■ PROBLEM TO SOLVE: Transcribe exactly the lines below that begin at the line with "軽くて着心地の良い軽量ニット" and stop after the line with "Porcelán bögreszett 2", leaving out every picture.

** Opening SUPPLIED ENTRIES block **

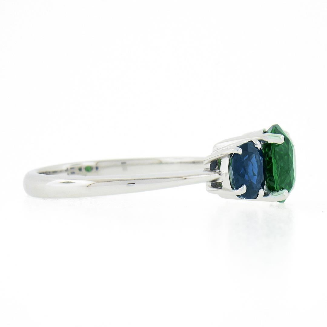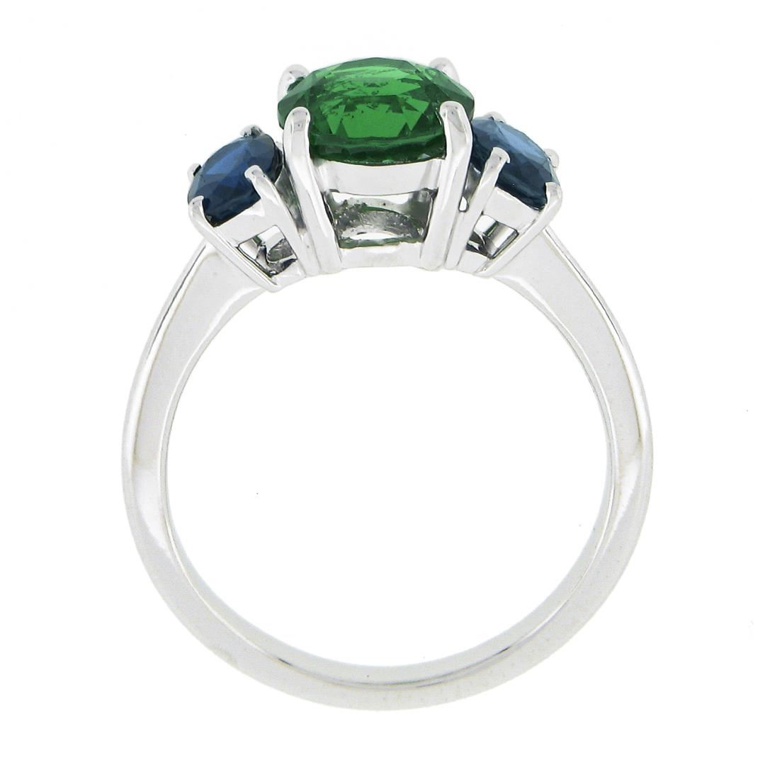 A solid platinum 3 stones rin with 1 GIA graded round cut natural tsavorite (2.09ct), and 2 oval cut natural sapphires (0.80ctw). The ring is size 7.0, weighs a total of 5.47 grams, and measures 7.65mm wide. Comes with all original relevant certifications.
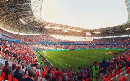 MOSCOW, RUSSIA - JUNE 23: Football mini arena at the Red square, Moscow on June 23, 2018.
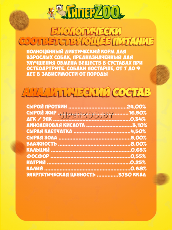 Пищевые добавки: витамин А 15000 МЕ/кг, витамин D3 1500 МЕ/кг, витамин С 350 мг/кг, железо (хелат железа (II) аминокислот гидратированное) 54 мг/кг, йод (калий йодид) 1,20. мг/кг, медь (хелат меди (II) аминокислот гидратированный) 6 мг/кг, марганец (хелат меди (II) аминокислота марганец гидратированная) 24 мг/кг, цинк (хелат аминокислоты цинка гидратированная) 100 мг/кг, селен (L-селенометионин) 0,10 мг/кг, таурин 750 мг/кг, L-карнитин 300 мг/кг.
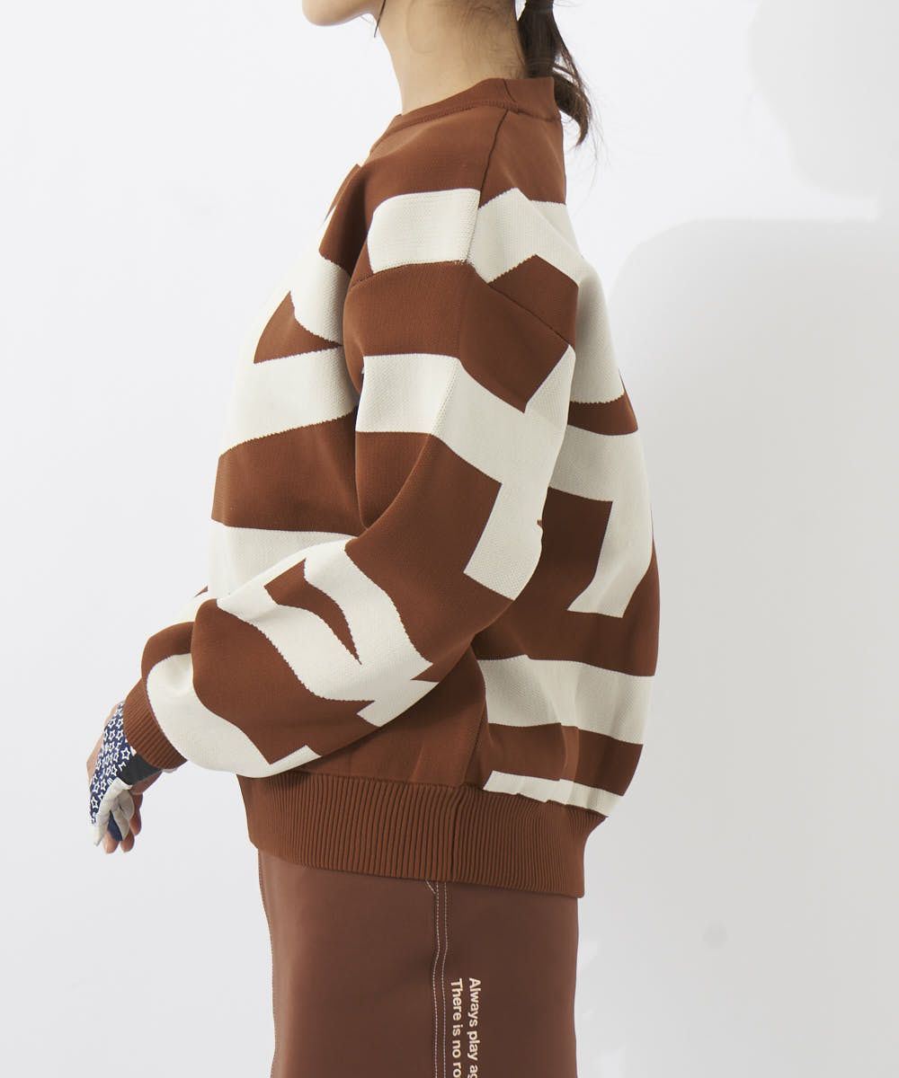軽くて着心地の良い軽量ニットセーター。大胆なロゴグラフィックがコーディネートのアクセントになります。少し大きめのシルエットになっていてカジュアルライクに着こなせます♪
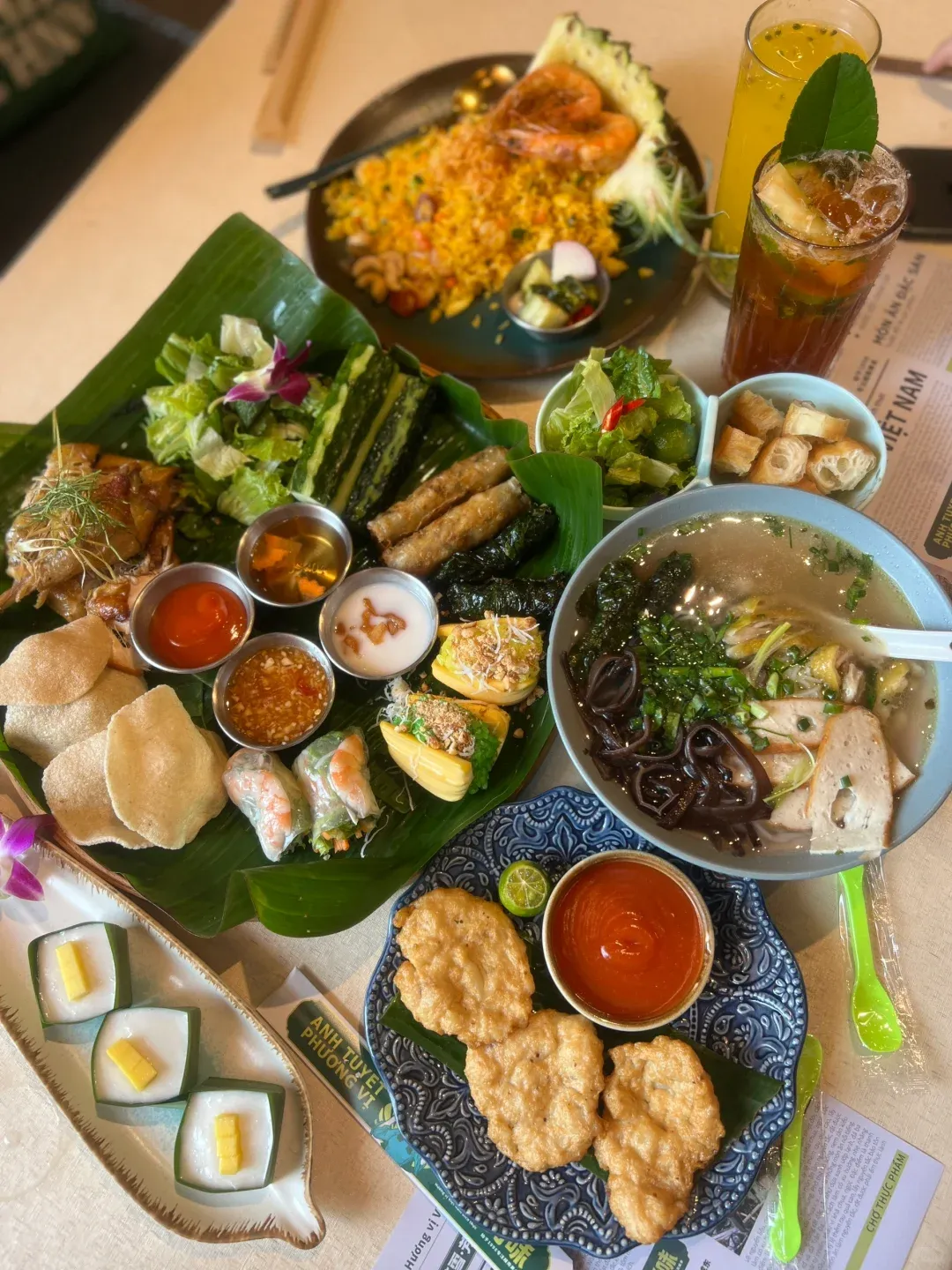当地名菜是越南春卷。简单,却有讲究。米纸泡软,卷上粉丝、虾仁、香草,再轻轻一裹,下锅炸至浅金。外壳脆得像薄冰,一口咬开,蒸汽混着香气往外冒。不是丰盛的宴,而是家常的温柔。
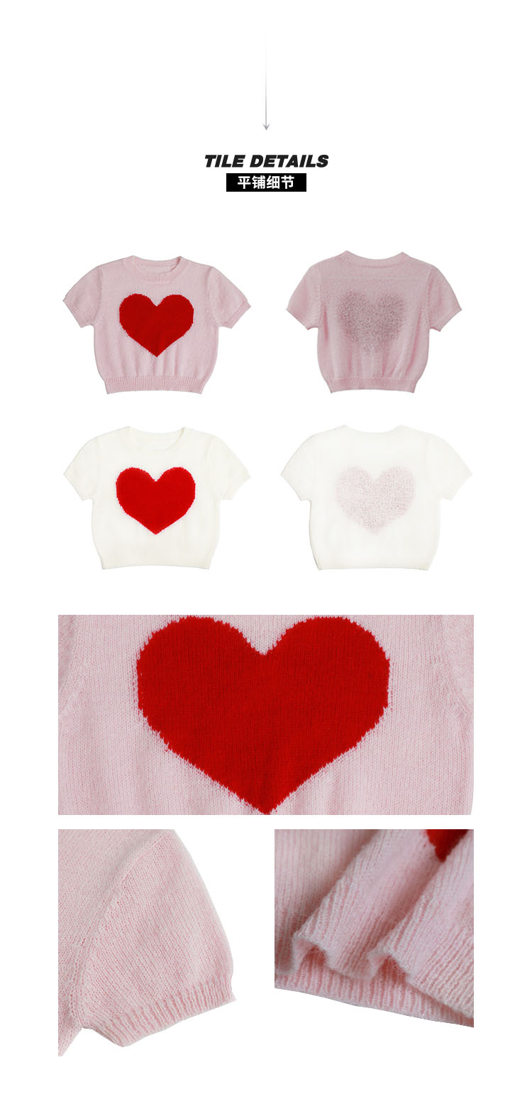 KAKA Studio甜到心尖尖 复古爱心修身短袖针织衫女外穿薄款短上衣夏
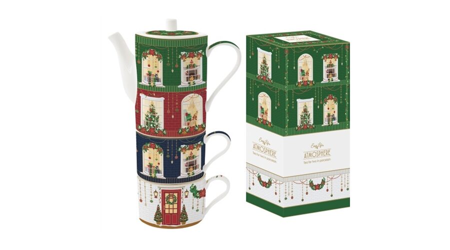 Porcelán bögreszett 2 db, 240ml, teáskannával 500ml, egymásba sorolós, dobozban, Festive Avenue, Atmosphere
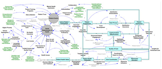 In the current model, we employed a subset of the interventions listed in Table 4, focusing on those most directly relevant to the primary objectives and scope of this study. Interventions such as Access to Healthcare Improvements, Community Health Education, and Patient-Centric Culture Interventions were prioritized for integration due to their immediate and measurable impact on patient engagement, satisfaction, and health outcomes. These interventions allowed us to validate the model’s structure and assess its capability to simulate real-world dynamics effectively. The choice of this subset reflects the study’s goal to create a foundational understanding of system dynamics in healthcare, with a focus on improving care delivery and patient experiences.

** Closing SUPPLIED ENTRIES block **

■ REPLY TO THE EXERCISE:
軽くて着心地の良い軽量ニットセーター。大胆なロゴグラフィックがコーディネートのアクセントになります。少し大きめのシルエットになっていてカジュアルライクに着こなせます♪
当地名菜是越南春卷。简单,却有讲究。米纸泡软,卷上粉丝、虾仁、香草,再轻轻一裹,下锅炸至浅金。外壳脆得像薄冰,一口咬开,蒸汽混着香气往外冒。不是丰盛的宴,而是家常的温柔。
 KAKA Studio甜到心尖尖 复古爱心修身短袖针织衫女外穿薄款短上衣夏
 Porcelán bögreszett 2 db, 240ml, teáskannával 500ml, egymásba sorolós, dobozban, Festive Avenue, Atmosphere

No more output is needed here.